- _Data extracts_
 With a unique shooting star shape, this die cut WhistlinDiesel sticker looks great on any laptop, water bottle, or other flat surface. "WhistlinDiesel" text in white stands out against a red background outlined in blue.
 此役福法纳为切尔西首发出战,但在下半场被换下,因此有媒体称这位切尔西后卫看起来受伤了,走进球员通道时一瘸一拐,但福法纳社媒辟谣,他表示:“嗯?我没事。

* * *

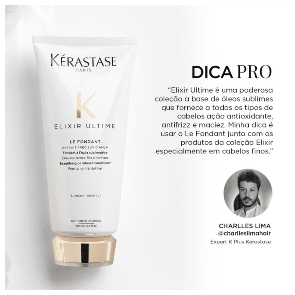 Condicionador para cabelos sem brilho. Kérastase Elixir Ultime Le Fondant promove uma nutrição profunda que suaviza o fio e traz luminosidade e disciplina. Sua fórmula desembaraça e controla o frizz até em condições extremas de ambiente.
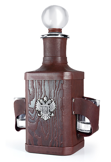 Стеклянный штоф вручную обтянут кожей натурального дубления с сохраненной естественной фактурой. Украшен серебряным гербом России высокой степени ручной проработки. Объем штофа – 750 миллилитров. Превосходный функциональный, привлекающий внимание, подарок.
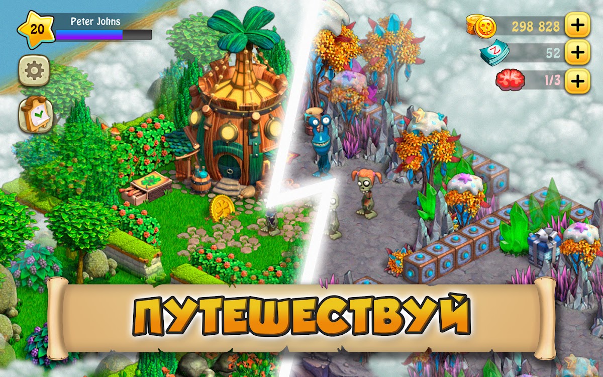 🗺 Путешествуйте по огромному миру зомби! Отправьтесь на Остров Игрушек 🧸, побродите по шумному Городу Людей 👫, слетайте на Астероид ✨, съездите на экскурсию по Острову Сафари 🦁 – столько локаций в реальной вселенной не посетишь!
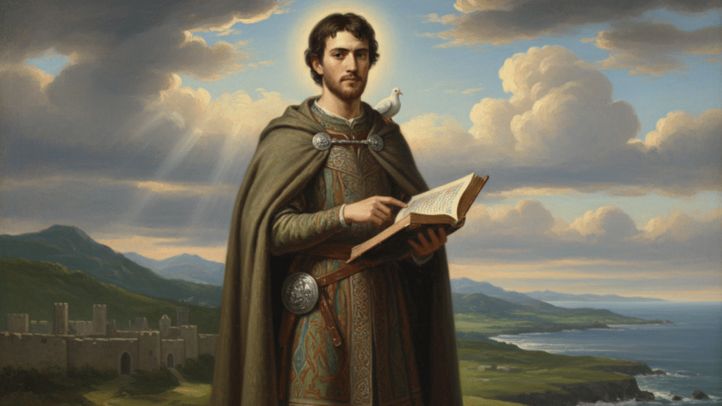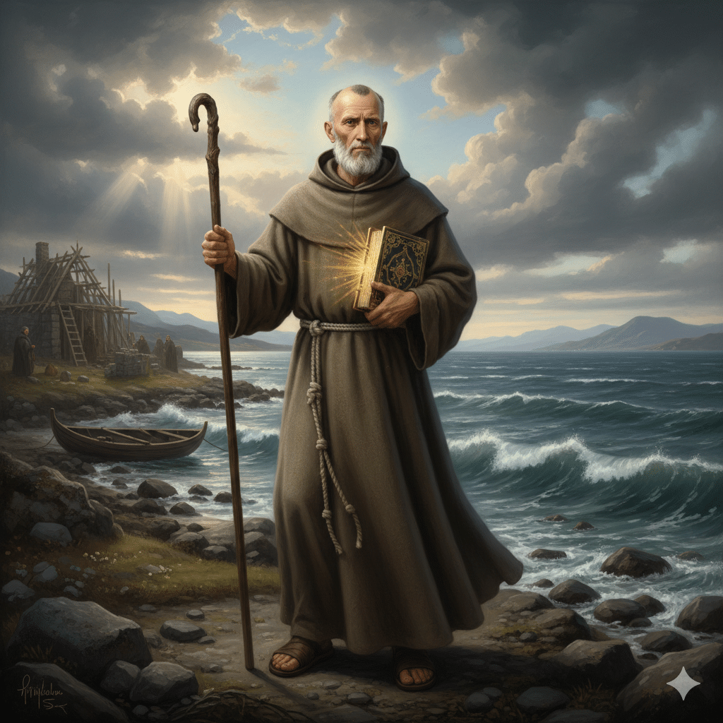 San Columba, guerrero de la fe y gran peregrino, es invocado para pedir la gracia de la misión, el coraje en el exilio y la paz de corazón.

---

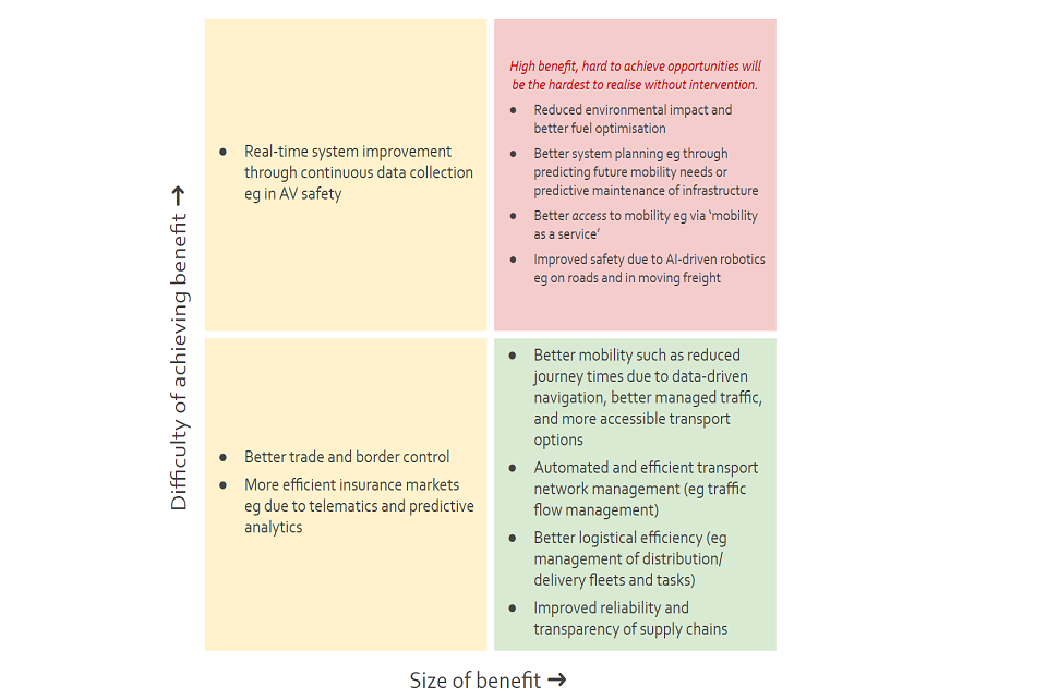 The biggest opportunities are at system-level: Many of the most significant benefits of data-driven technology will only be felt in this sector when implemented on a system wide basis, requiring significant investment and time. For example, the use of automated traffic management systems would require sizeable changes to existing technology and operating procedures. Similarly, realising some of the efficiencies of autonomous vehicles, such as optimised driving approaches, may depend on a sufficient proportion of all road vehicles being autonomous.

- _What is required_
Look above for the line with "Стеклянный штоф вручную" and copy exactly from it through the line with "San Columba, guerrero", both included. Omit the pictures.

- _Exercise solution_
 Стеклянный штоф вручную обтянут кожей натурального дубления с сохраненной естественной фактурой. Украшен серебряным гербом России высокой степени ручной проработки. Объем штофа – 750 миллилитров. Превосходный функциональный, привлекающий внимание, подарок.
 🗺 Путешествуйте по огромному миру зомби! Отправьтесь на Остров Игрушек 🧸, побродите по шумному Городу Людей 👫, слетайте на Астероид ✨, съездите на экскурсию по Острову Сафари 🦁 – столько локаций в реальной вселенной не посетишь!
 San Columba, guerrero de la fe y gran peregrino, es invocado para pedir la gracia de la misión, el coraje en el exilio y la paz de corazón.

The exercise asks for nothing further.